在可选实施例中,装置还包括k个分支电路,所述主处理电路与所述k个分支电路分别连接,k个分支电路中每个分支电路对应k组基础处理电路中的一组基础处理电路,用于在所述主处理电路与所述k组基础处理电路之间转发传输数据。
在可选实施例中,所述基础处理电路包括压缩映射电路;所述压缩映射电路,用于执行神经网络运算中的各个数据的压缩处理;所述k组基础处理电路,具体用于依据所述传输数据的运算控制是否启动所述压缩映射电路对所述传输数据进行压缩处理;依据所述传输数据或压缩处理后的传输数据以并行方式执行神经网络中的运算,并将运算结果传输给所述主处理电路。
在可选实施例中,所述主处理电路,用于获取待计算的数据块以及运算指令,依据该运算指令对所述待计算的数据块划分成分发数据块以及广播数据块;对所述分发数据块进行拆分处理得到多个基本数据块,将所述多个基本数据块分发至与其连接的电路,将所述广播数据块广播至与其连接的电路;所述基础处理电路,用于依据所述运算控制启动所述压缩映射电路对所述基本数据块与所述广播数据块进行压缩处理后再执行内积运算得到运算结果,将所述运算结果发送至主处理电路;所述主处理电路,用于对所述运算结果处理得到所述待计算的数据块以及运算指令的指令结果;其中,所述待计算的数据块为待计算的至少一个输入神经元,和/或,至少一个权值。
在可选实施例中,所述分支电路包括:压缩映射电路,用于执行神经网络运算中的各个数据的压缩处理;所述主处理电路,用于执行神经网络运算中的各个连续的运算以及和与其相连的所述k个分支电路传输数据;所述k个分支电路,用于在主处理电路与k组基 础电路之间转发所述传输数据,依据所述传输数据的运算控制是否启动所述压缩映射电路对所述传输数据进行压缩处理;所述k个基础处理电路,用于依据所述传输数据或压缩处理后的传输数据以并行方式执行神经网络中的运算,并将运算结果传输给所述主处理电路。

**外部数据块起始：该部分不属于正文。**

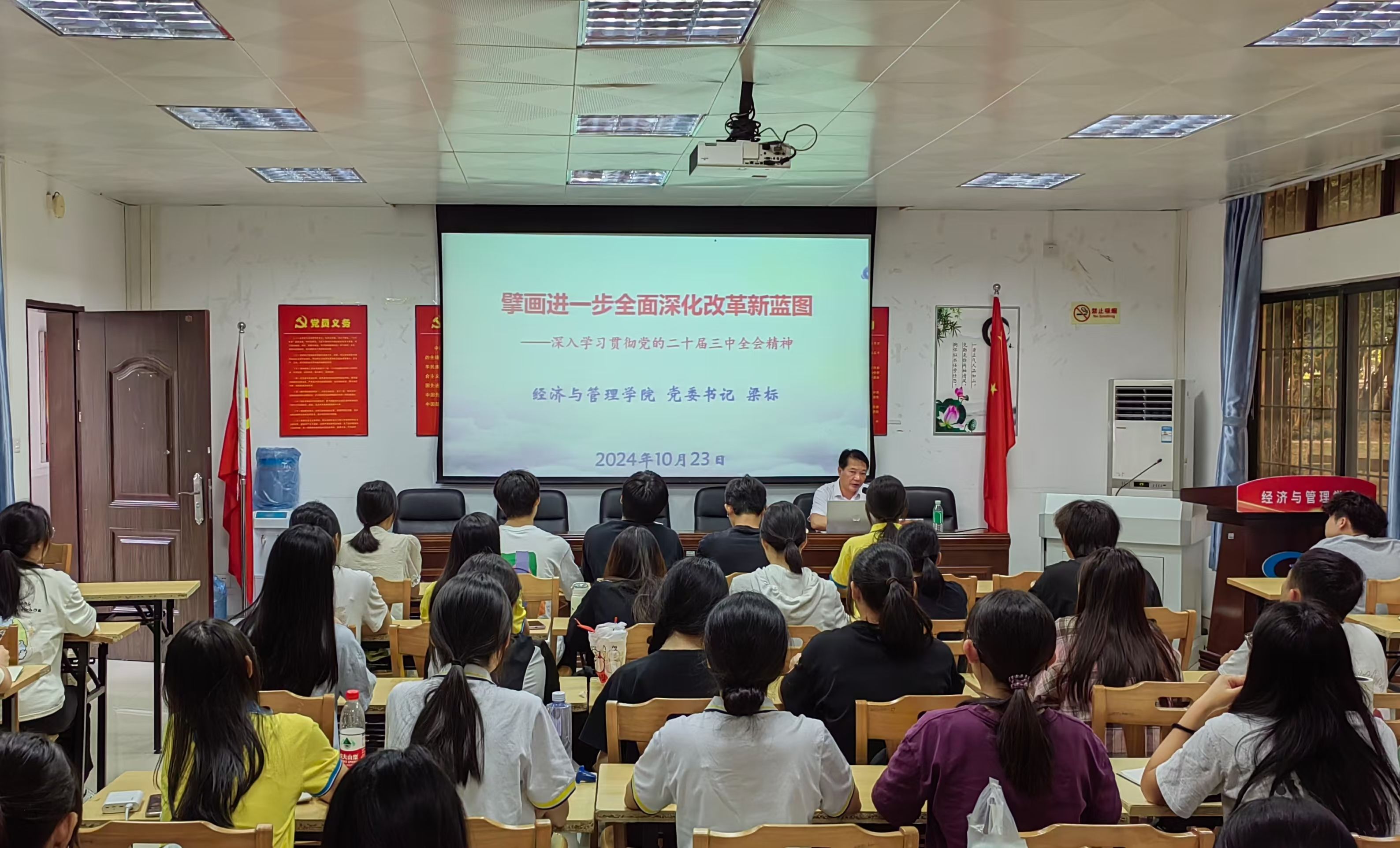 课上,梁标书记从党的二十届三中全会的重大意义和主题展开讲解,详细阐述了进一步全面深化改革的必要性和紧迫性,通过分析具体案例阐述了进一步全面深化改革的新思想、新观点、新论述,改革的思路、部署与内蕴特质,以及经济体制改革的重点方面等。他强调,要坚持党中央对进一步全面深化改革的集中统一领导,深入贯彻落实全会精神,保持战略定力,弘扬实干精神,把准方向、守正创新、久久为功,把进一步全面深化改革的战略部署落到实处。同学们也纷纷表示,将努力学习,不断提升自己的专业素质和综合能力,积极投身到进一步全面深化改革的伟大实践中去。

在可选实施例中,所述主处理电路,用于获取待计算的数据块以及运算指令,依据该运算指令对所述待计算的数据块划分成分发数据块以及广播数据块;对所述分发数据块进行拆分处理得到多个基本数据块,将所述多个基本数据块分发至与其连接的所述k个分支电路,将所述广播数据块广播至与其连接的所述k个分支电路;所述k个分支电路,用于接收基本数据块以及广播数据块,启动压缩映射电路将该基本数据块以及广播数据块进行压缩处理;将压缩处理后的基本数据块以及压缩处理后的广播数据块转发至k组基础处理电路;所述基础处理电路,用于对所述压缩处理后的基本数据块与所述压缩处理后的广播数据块执行内积运算得到运算结果,将所述运算结果发送至所述主处理电路;所述主处理电路,用于对所述运算结果处理得到所述待计算的数据块以及运算指令的指令结果;其中,所述分发数据块以及所述广播数据块为至少一个输入神经元或者,至少一个权值。
在可选实施例中,所述主处理电路,具体用于将所述广播数据块通过一次广播至所述k个分支电路。
在可选实施例中,所述主处理电路,具体用于将所述广播数据块分成多个部分广播数据块,将所述多个部分广播数据块通过多次广播至所述K个分支电路。
在可选实施例中,所述基础处理电路,具体用于将所述部分广播数据块与所述基本数据块执行一次内积处理后得到内积处理结果,将所述内积处理结果累加得到部分运算结果,将所述部分运算结果发送至所述主处理电路。
在可选实施例中,所述基础处理电路,具体用于复用n次该部分广播数据块执行该部分广播数据块与该n个基本数据块内积运算得到n个部分处理结果,将n个部分处理结果分别累加后得到n个部分运算结果,将所述n个部分运算结果发送至主处理电路,所述n为大于等于2的整数。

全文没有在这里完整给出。